Immediately after the killing, three to five attackers were seen fleeing the scene in motorcycles – a vehicle not normally associated with narco-gangs – in the direction of a locality called Valle Esmeralda, where a military detachment is based.

As expected, the papers comprising El Comercio’s pro-Keiko tabloid empire ignored every piece of witness testimony detailed above.

Is the fear of Castillo justified?

During the first round of voting, a whopping 70% of voters did not choose either Pedro Castillo or Keiko Fujimori. Despite that fact, neither candidate attempted to moderate their tone to appeal to a wider constituency until the very end of the campaign.

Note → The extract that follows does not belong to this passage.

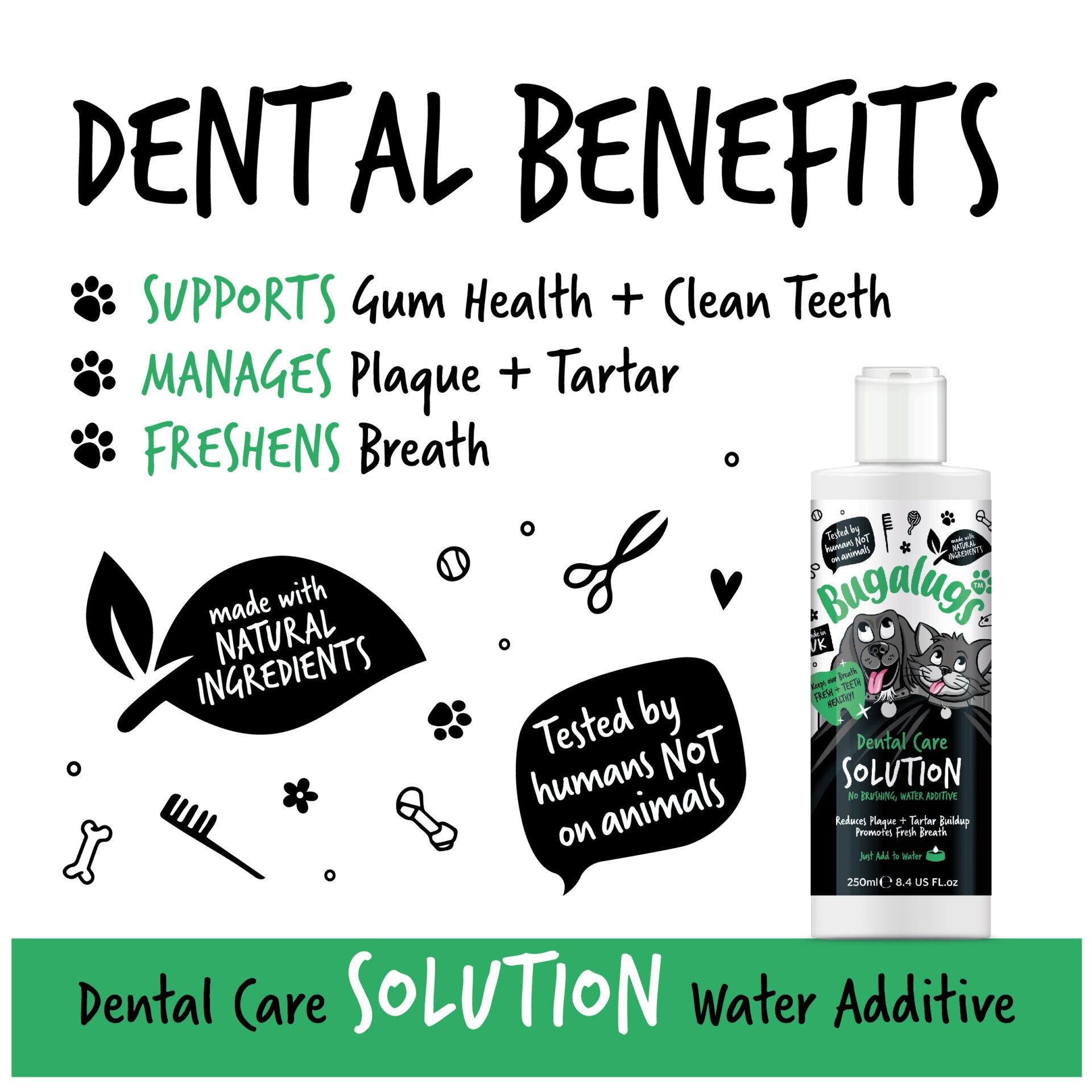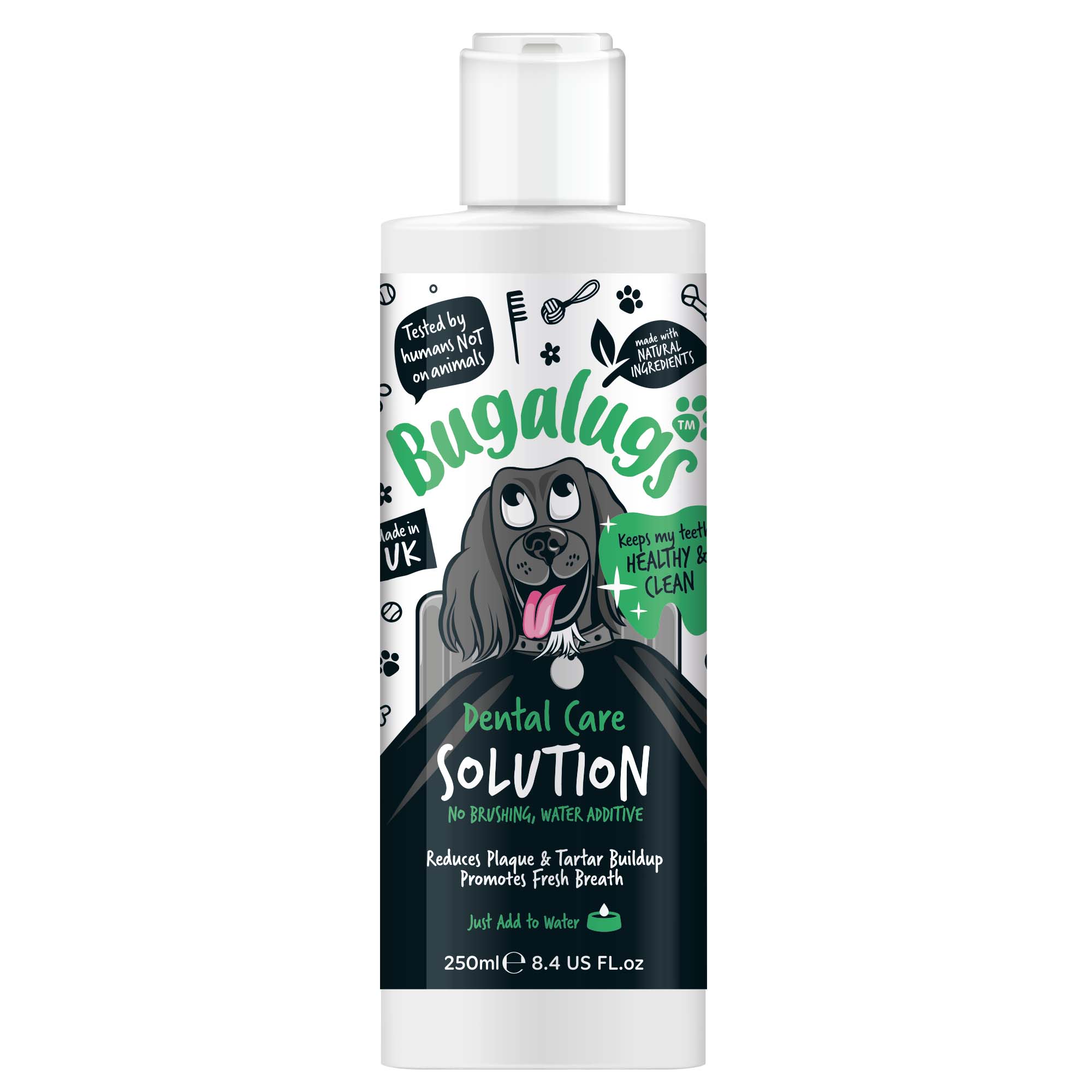 Bugalugs Dental Care Solution is an effective and convenient dog dental care product that is added directly to drinking water. This helps reduce the amount of bacteria in your mouth that cause plaque and bad breath.

Although the talk about nationalization of natural resources and key industries is obvious red line for the country’s conservative right-wing, Castillo has also been notoriously inconsistent, telling one thing to certain audiences in his tour around Peru, and then another to television cameras, concerned authorities and opposition journalists. Castillo’s economic gaffes during several press conferences highlighted his urgent need for PR support and careful political management.

Even after Castillo toned down his rhetoric, only a small portion of the undecided segment of voters said they would consider voting for him. Many had been convinced that Vladimir Cerron, the avowedly Marxist leader of Castillo’s party, Peru Libre, was calling the shots from behind the scenes. In fact, one of the main themes of the right-wing propaganda blitz of recent weeks has been presenting Cerron as the real power behind Castillo’s throne.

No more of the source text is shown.